Application number: CN202211524896.4A
Authority: CN
Inventors: 周婷婷; 焦旭; 徐圣源; 梁变
Original assignee: Zhejiang Lab
Current assignee: Zhejiang Lab
Priority date: 2022-11-28
Filing date: 2022-11-30
Publication date: 2023-03-07

Abstract

The invention discloses a self-learning-based scene text matching method and a self-learning-based scene text matching system, wherein a pre-training word vector data set is selected, and scene corpus data is converted into a scene word vector corresponding to the pre-training word vector data set; setting a threshold value of the number of scene corpus samples in a self-defined manner, and when the scene corpus data is smaller than the threshold value of the number of the scene corpus samples, inputting the scene corpus data serving as a small number of samples into an unsupervised learning model to convert the scene corpus data into corresponding first scene text vectors; after the scene corpus data accumulation exceeds the set scene corpus sample quantity threshold, inputting the scene corpus data accumulation into a supervised learning model and converting the scene corpus data accumulation into a corresponding second scene text vector; calculating and sequencing the text similarity of the first scene text vector, the second scene text vector and the text to be matched, and correcting the text matching result to obtain a text matching pair; and according to the text matching pair, optimizing the unsupervised learning model and the supervised learning model, and correcting the calculation mode of the text similarity.

Description

Self-learning-based scene text matching method and system

Technical Field

The invention belongs to the technical field of semantic text matching, and particularly relates to a scene text matching method and system based on self-learning.

Background

In the prior art, a text matching method usually includes extracting text features of two pieces of text information, and then judging whether the two pieces of text information are matched or not by calculating similarity based on extracted text feature vectors. The construction of the deep learning algorithm model based on supervised learning needs to obtain a proper parameter result by training large-scale parameters of the model on the basis of a large amount of text corpora, so that an inference result of the model in a specific scene is improved. However, the actual application scenario has a common status quo of corpus data loss.

For the situation of corpus data loss, large-scale corpus labeling can be usually obtained through a manual labeling mode, but large-scale boring and repeated corpus labeling work and large manpower input requirements invisibly improve the cost of model training, and Natural Language Processing (NLP) technology has a great prerequisite threshold requirement in actual scene application. Therefore, there is a need to provide a system solution that is acceptable to users and implements NLP technology floor on the basis of a small amount of corpus data.

According to the method, the unsupervised model is used for giving the recommendation result of the text matching to the user on the basis of a small amount of corpus data, and the corpus data of the text matching library is continuously accumulated by combining the feedback result given to the system by the user, so that the accumulation of large-scale corpus data is finally realized, and the iterative updating of the model and the improvement of the system performance are synchronously completed.

Disclosure of Invention

Aiming at the defects of the prior art, the invention provides a self-learning-based scene text matching method and a self-learning-based scene text matching system.
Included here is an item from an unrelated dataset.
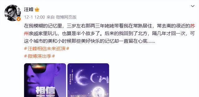 歌手汪峰 还在其微博中分享 自己在苏州的童年经历 并将苏州视为半个故乡 ↓ “在我模糊的记忆里,三岁左右那两三年姥姥带着我在常熟居住,常去离的很近的苏州亲戚家里玩儿,也算是半个故乡了。后来的我回到了北方,隔几年才回一次,可这个城市的美和小时候那些美好快乐的记忆却一直留在心底……”

In order to achieve the purpose, the technical scheme of the invention is as follows: the embodiment of the invention provides a self-learning-based scene text matching method in a first aspect, which comprises the following substeps:

selecting a pre-training word vector data set, and converting scene corpus data into scene word vectors corresponding to the pre-training word vector data set;

setting a threshold value of the number of scene corpus samples in a self-defined manner, and when the scene corpus data is smaller than the threshold value of the number of the scene corpus samples, taking the scene corpus data as a small amount of samples, inputting the small amount of samples into an unsupervised learning model, and converting scene word vectors into corresponding first scene text vectors;

after the scene corpus data accumulation exceeds the set scene corpus sample quantity threshold value, inputting the scene corpus data accumulation into a supervised learning model to convert the scene word vector into a corresponding second scene text vector;

calculating and sequencing the text similarity of the first scene text vector, the second scene text vector and the text to be matched, and correcting the text matching result to obtain a text matching pair;

and according to the text matching pair, optimizing the unsupervised learning model and the supervised learning model, and correcting the calculation mode of the text similarity.
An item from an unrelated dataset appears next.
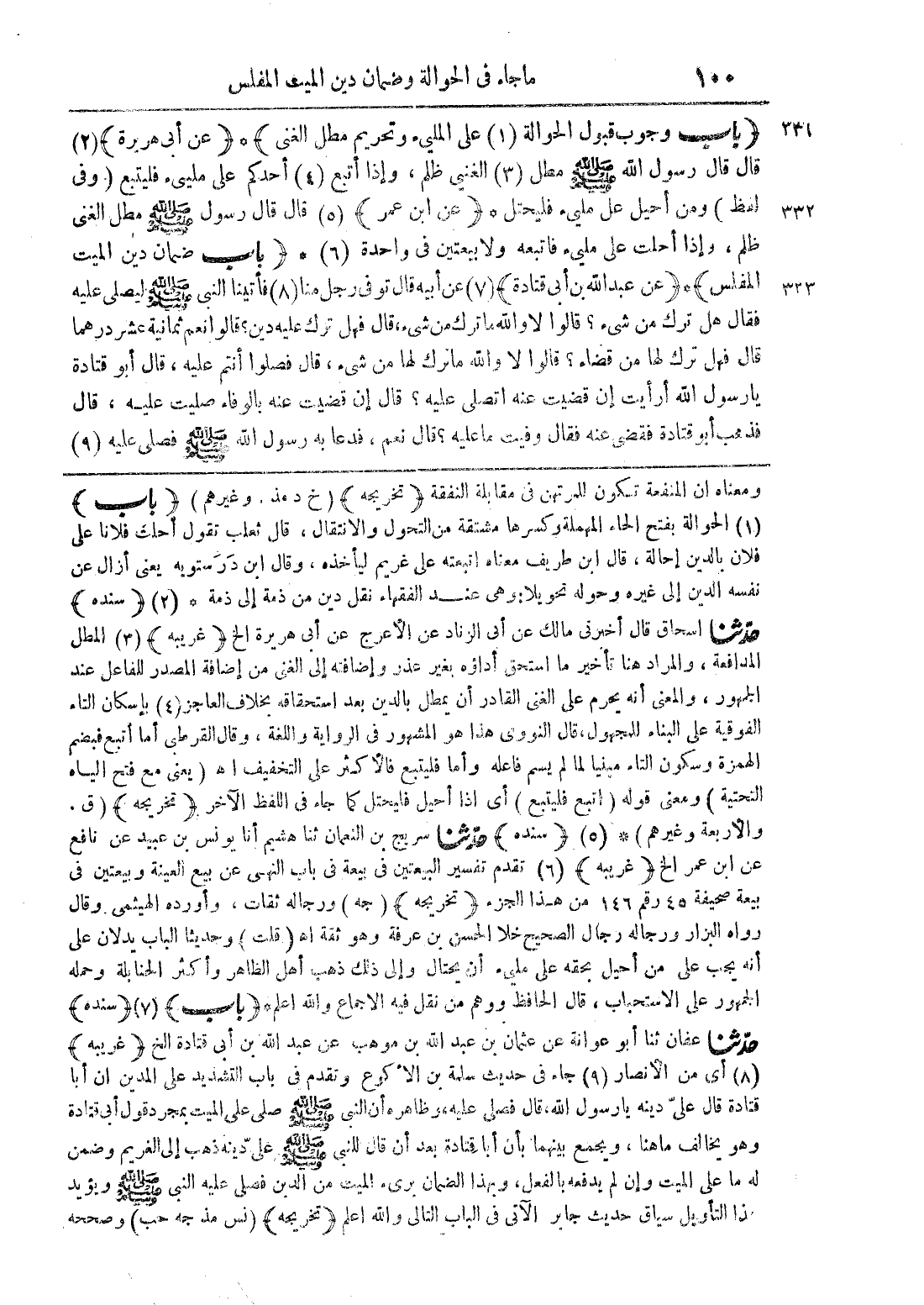 ومعناه أن المنفعة تكون للمرتهن في مقابلة النفقة (تخريجه) (خ د مذ. وغيرهم) (باب) (1) الحوالة بفتح الحاء المهملة وكسرها مشتقة من التحول والانتقال، قال ثعلب تقول أحلت فلانا على فلان بالدين إحالة، قال ابن طريف معناه اتبعته على غريم ليأخذه، وقال ابن در ستويه يعني أزال عن نفسه الدين إلى غيره وحوله تحويلا: وهي عند الفقهاء نقل دين من ذمة إلى ذمة * (2) (سنده) حدثنا إسحاق قال أخبرني مالك عن أبي الزناد عن الأعرج عن أبي هريرة الخ (غريبه) (3) المطل المدافعة، والمراد هنا تأخير ما استحق أداؤه بغير عذر وإضافة إلى الغنى من إضافة المصدر للفاعل عند الجمهور، والمعنى أنه يحرم على الغنى القادر أن يمطل بالدين بعد استحقاقه بخلاف العاجز (4) بإسكان التاء الفوقية على البناء للمجهول، قال النووي هذا هو المشهور في الرواية واللغة، وقال القرطبي أما أتبع فبضم الهمزة وسكون التاء مبنيا لما لم يسم فاعله وأما فليتبع فالأكثر على التخفيف أهـ (يعني مع فتح الياه التحتية) ومعنى قوله (اتبع فليتبع) أي إذا أحيل فليحتل كما جاء في اللفظ الآخر (تخريجه) (ق. والأربعة وغيرهم) * (5) (سنده) حدثنا سريج بن النعمان ثنا هشيم أنا يونس بن عبيد عن نافع عن ابن عمر الخ (غريبه) (6) تقدم تفسير البيعتين في بيعة في باب النهي عن بيع العينة وبيعتين في بيعة صحيفة 45 رقم 146 من هذا الجزء (تخريجه) (جه) ورجاله ثقات، وأورده الهيثمي وقال رواه البزار ورجاله رجال الصحيح خلا الحسن بن عرفة وهو ثقة أهـ (قلت) وحديثا الباب يدلان على أنه يجب على من أحيل بحقه على مليئ أن يحتال وإلى ذلك ذهب أهل الظاهر وأكثر الحنابلة وحمله الجمهور على الاستحباب، قال الحافظ ووهم من نقل فيه الإجماع والله أعلم * (باب) (7) (سنده) حدثنا عفان ثنا أبو عوانة عن عثمان بن عبد الله بن موهب عن عبد الله بن أبي قتادة الخ (غريبه) (8) أي من الأنصار (9) جاء في حديث سلمة بن الأكوع وتقدم في باب التشديد على المدين أن أبا قتادة قال علي دينه يا رسول الله، قال فصلى عليه، وظاهره أن النبي صلى الله عليه وسلم صلى على الميت بمجرد قول أبي قتادة وهو يخالف ماهنا، ويجمع بينهما بأن أبا قتادة بعد أن قال للنبي صلى الله عليه وسلم على دينه ذهب إلى الغريم وضمن له ما على الميت وإن لم يدفعه بالفعل، وبهذا الضمان برئ الميت من الدين فصلى عليه النبي صلى الله عليه وسلم ويؤيد هذا التأويل سياق حديث جابر الآتي في الباب التالي والله أعلم (تخريجه) (نس مذ جه حب) وصححه

The second aspect of the embodiments of the present invention provides a self-learning based scene text matching system, which is used to implement the above-mentioned scene text matching method, and the system includes:

the pre-training word vector generation module is used for selecting a pre-training word vector data set and converting scene corpus data into a scene word vector corresponding to the pre-training word vector data set;

the unsupervised learning module is used for converting the scene word vectors into corresponding first scene text vectors;

the supervised learning module is used for converting the scene word vector into a corresponding second scene text vector;

the text similarity calculation module is used for calculating the text similarity of the first scene text vector, the second scene text vector and the text to be matched and sequencing the text similarity;

and the human-computer interaction module is used for acquiring a corrected text matching result.
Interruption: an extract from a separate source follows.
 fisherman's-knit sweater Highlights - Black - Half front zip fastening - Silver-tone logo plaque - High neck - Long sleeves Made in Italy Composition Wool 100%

A third aspect of an embodiment of the present invention provides an electronic device, including a memory and a processor, where the memory is coupled to the processor; the memory is used for storing program data, and the processor is used for executing the program data to realize the self-learning-based scene text matching method.

A fourth aspect of the embodiments of the present invention provides a computer-readable storage medium, on which a computer program is stored, where the computer program, when executed by a processor, implements the above-mentioned self-learning based scene text matching method.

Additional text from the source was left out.